Sustainable Public Transportation Evaluation using a Novel Hybrid Method Based on Fuzzy BWM and MABAC

The Open Transportation Journal 16 Apr 2021 RESEARCH ARTICLE DOI: 10.2174/1874447802115010031



The transportation sector has wide-ranging effects on the human societies. Public transportation has a key and undeniable role in the lives of people in society and affects important aspects such as economic, social, cultural and environmental. Therefore, assessing the sustainability of public transportation in urban areas can be considered as a challenge for transportation policy makers.

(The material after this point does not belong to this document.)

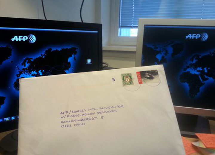 Ο φάκελος με την επιστολή του Μπρέιβικ όπως έφτασε στα γραφεία του Γαλλικού Πρακτορείου Ειδήσεων

In this study, a novel hybrid multi-criteria decision-making (MCDM) method is proposed to evaluate sustainable public transportation in Tehran. Evaluation criteria have been identified using the literature and experts’ opinion. The proposed method integrates the fuzzy best-worst method (FBWM) and the multi-attributive border approximation area comparison (MABAC) method. a group of three experts determined the weight and importance of each criterion using FBWM. The MABAC method was then used to rank sustainable public transport alternatives.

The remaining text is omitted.